[Collected data entries]
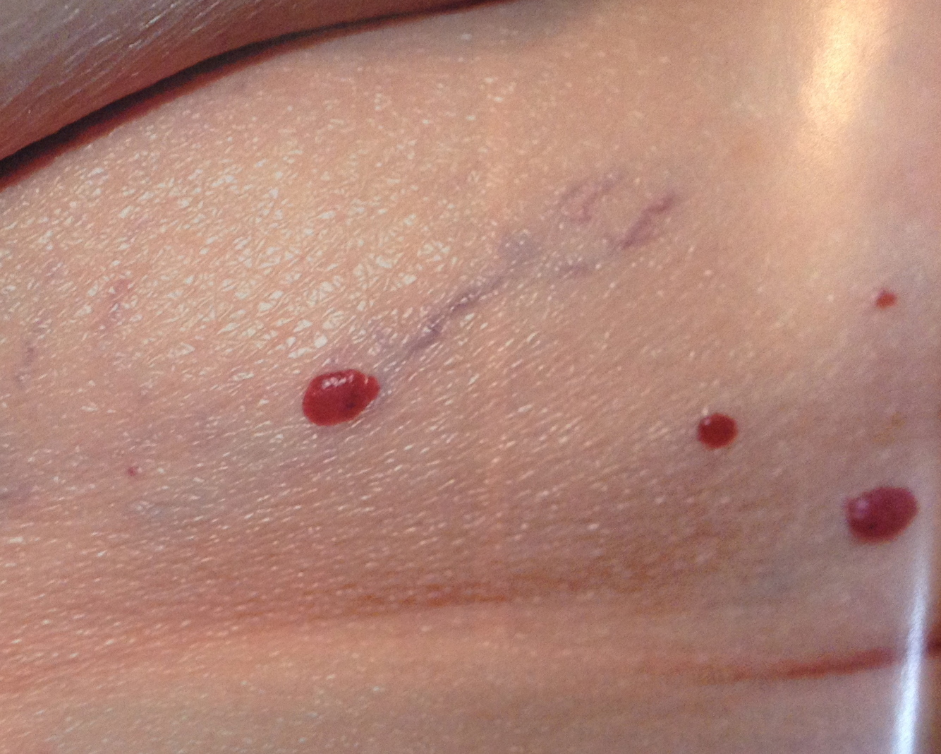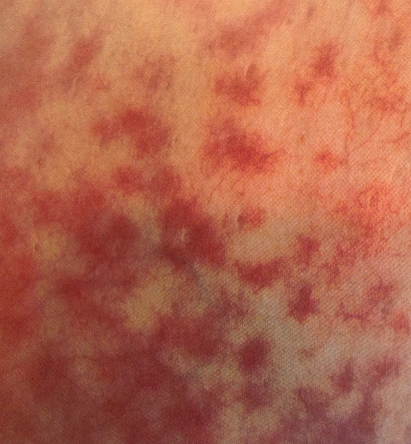 Reddish-purple lesion that is non-blanchable, indicating blood having left the vessels and moving through other tissues
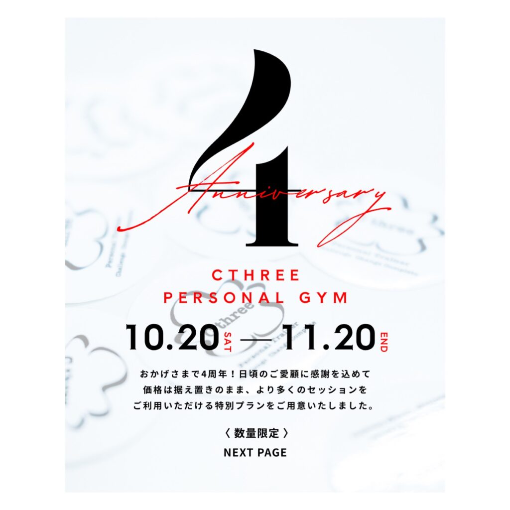 Cthree Personal Gym京都西院は10月20日で4周年を迎えます☺️
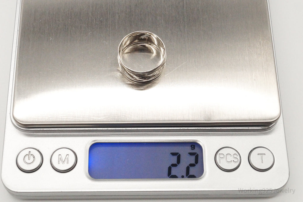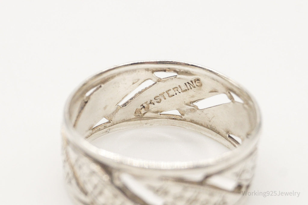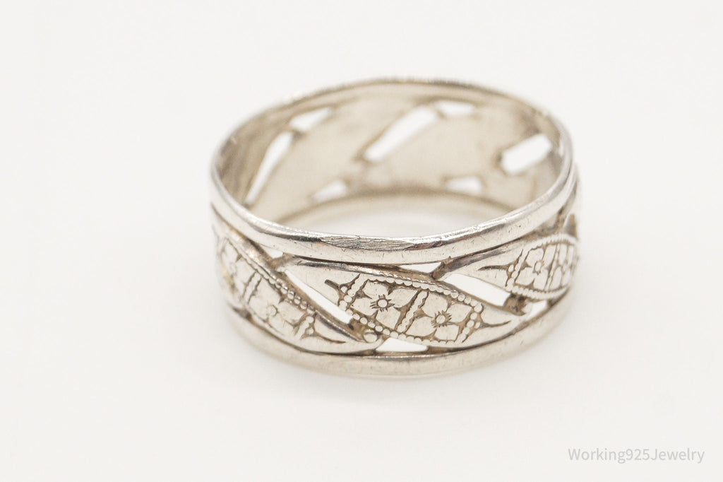 Antique Designer Uncas MFG Co Floral Sterling Silver Band Ring - Size 6.5
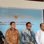 Anggota Komisi Percepatan Reformasi Polri, Mahfud MD didampingi Ahmad Dofiri memberikan keterangan
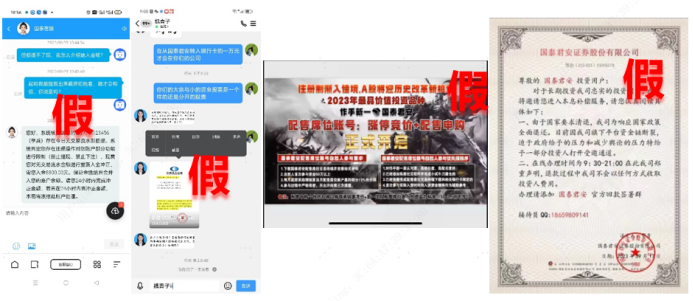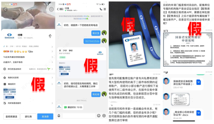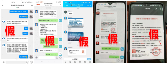 近期,国泰君安证券股份有限公司(以下简称“我司”)发现有不法分子假冒我司及工作人员名义,通过电话、微信、QQ群等渠道,引导投资者下载非法APP、点击虚假官网链接、欺骗投资者入金等,严重损害投资者合法权益,同时对我司声誉造成严重不良影响。
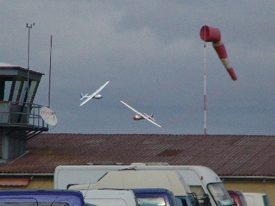 Wer fliegt zuerst durchs Hangar-Fenster? |
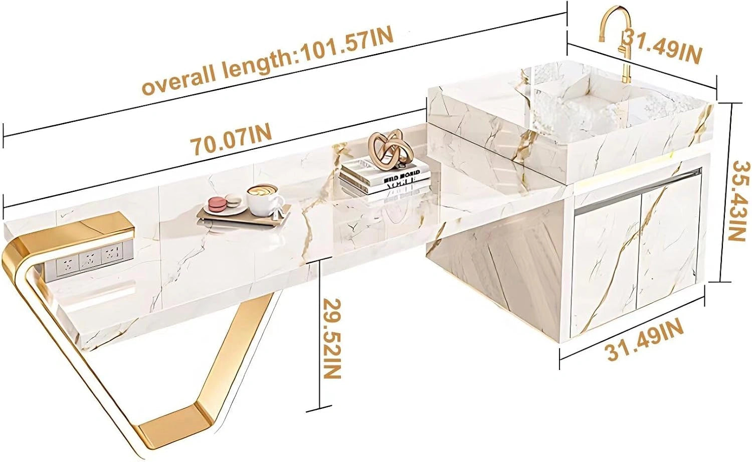 Ample Storage Solutions: The island has spacious cabinets, providing a very practical solution for storing essentials in your living space. The integrated deep sink makes cleaning easy
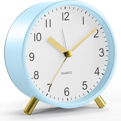 Analogue Alarm Clock, Digital Alarm Clocks for Heavy Sleepers, Silent Alarm Clocks Bedside Non Ticking with Night Light, Fashionable Battery Alarm Clock for Office Bedroom Elderly Children (Blue)
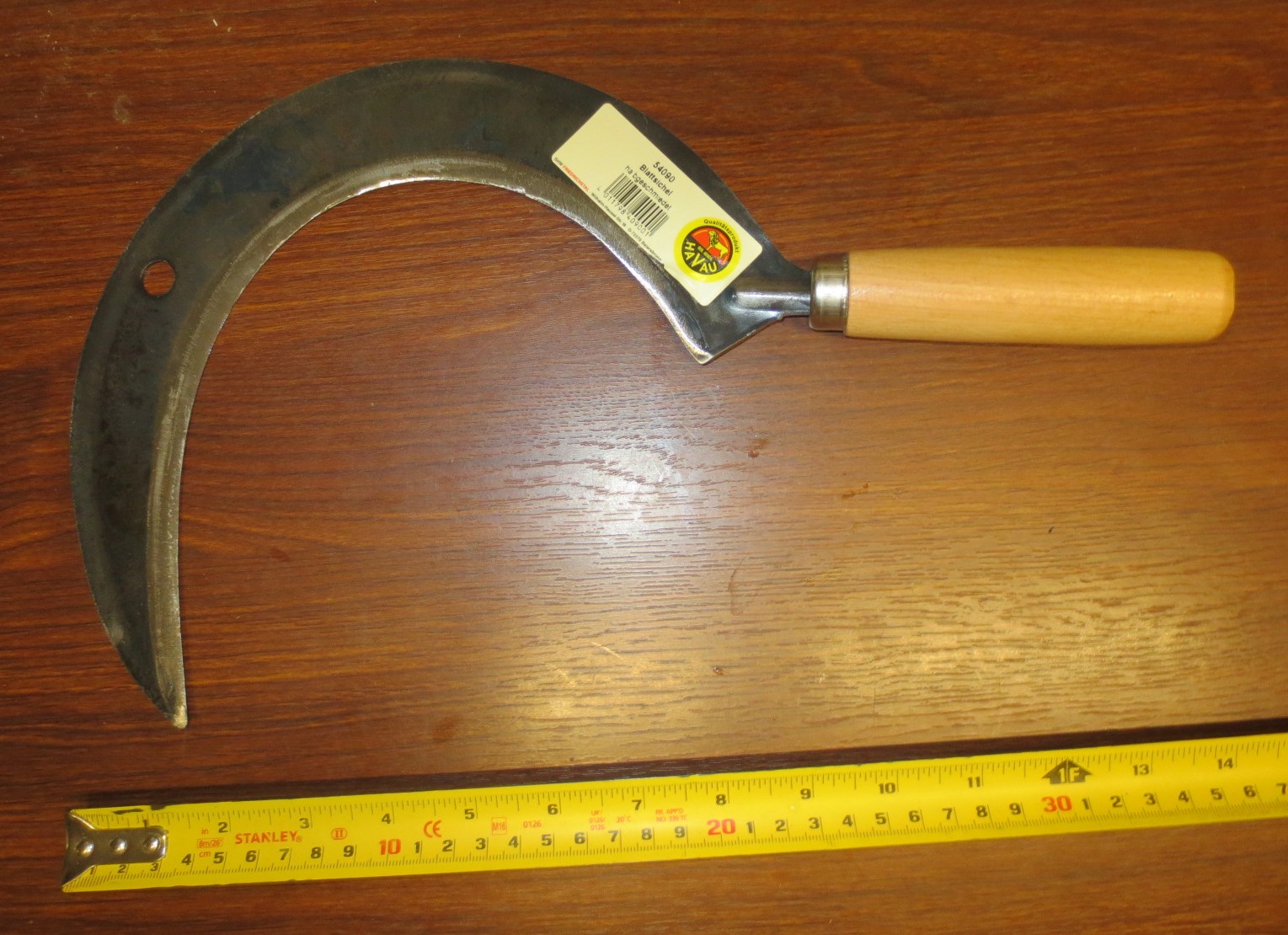 These quality steel sickles are made by SHW in Germany. They feature a steel shank that comes all the way through the wooden handle and is bent over, for maximum resistance to the handle coming loose. Smooth sickles are best for cutting grass, weeds, etc. that you are simply letting fall to the ground…if you are HOLDING (harvesting) the material you are cutting off, then see our Serrated sickles. A great alternative to a weed-eater for cutting around garden beds, etc…quiet, no fumes, provides exercise, and they start every time! Very few companies make sickles with this quality any more.
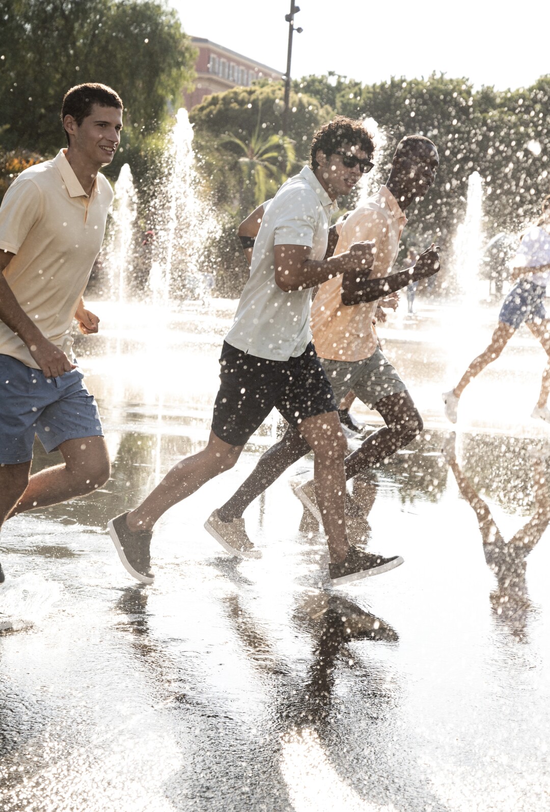 Униформа для пробежек по петергофскому фонтанушутихе нашлась в новой коллекции итальянской марки Boggi Milano. Сочетаем конфетное поло (экоткань из кофейной гущи быстро высыхает) и шорты-бермуды, садимся на «Метеор» и отправляемся на прогулку по Нижнему парку.

INSTRUCTIONS TO FOLLOW — What is needed is a verbatim copy of every entry, with the pictures omitted.

EXERCISE SOLUTION —
 Reddish-purple lesion that is non-blanchable, indicating blood having left the vessels and moving through other tissues
 Cthree Personal Gym京都西院は10月20日で4周年を迎えます☺️
 Antique Designer Uncas MFG Co Floral Sterling Silver Band Ring - Size 6.5
 Anggota Komisi Percepatan Reformasi Polri, Mahfud MD didampingi Ahmad Dofiri memberikan keterangan
 近期,国泰君安证券股份有限公司(以下简称“我司”)发现有不法分子假冒我司及工作人员名义,通过电话、微信、QQ群等渠道,引导投资者下载非法APP、点击虚假官网链接、欺骗投资者入金等,严重损害投资者合法权益,同时对我司声誉造成严重不良影响。
 Wer fliegt zuerst durchs Hangar-Fenster? |
 Ample Storage Solutions: The island has spacious cabinets, providing a very practical solution for storing essentials in your living space. The integrated deep sink makes cleaning easy
 Analogue Alarm Clock, Digital Alarm Clocks for Heavy Sleepers, Silent Alarm Clocks Bedside Non Ticking with Night Light, Fashionable Battery Alarm Clock for Office Bedroom Elderly Children (Blue)
 These quality steel sickles are made by SHW in Germany. They feature a steel shank that comes all the way through the wooden handle and is bent over, for maximum resistance to the handle coming loose. Smooth sickles are best for cutting grass, weeds, etc. that you are simply letting fall to the ground…if you are HOLDING (harvesting) the material you are cutting off, then see our Serrated sickles. A great alternative to a weed-eater for cutting around garden beds, etc…quiet, no fumes, provides exercise, and they start every time! Very few companies make sickles with this quality any more.
 Униформа для пробежек по петергофскому фонтанушутихе нашлась в новой коллекции итальянской марки Boggi Milano. Сочетаем конфетное поло (экоткань из кофейной гущи быстро высыхает) и шорты-бермуды, садимся на «Метеор» и отправляемся на прогулку по Нижнему парку.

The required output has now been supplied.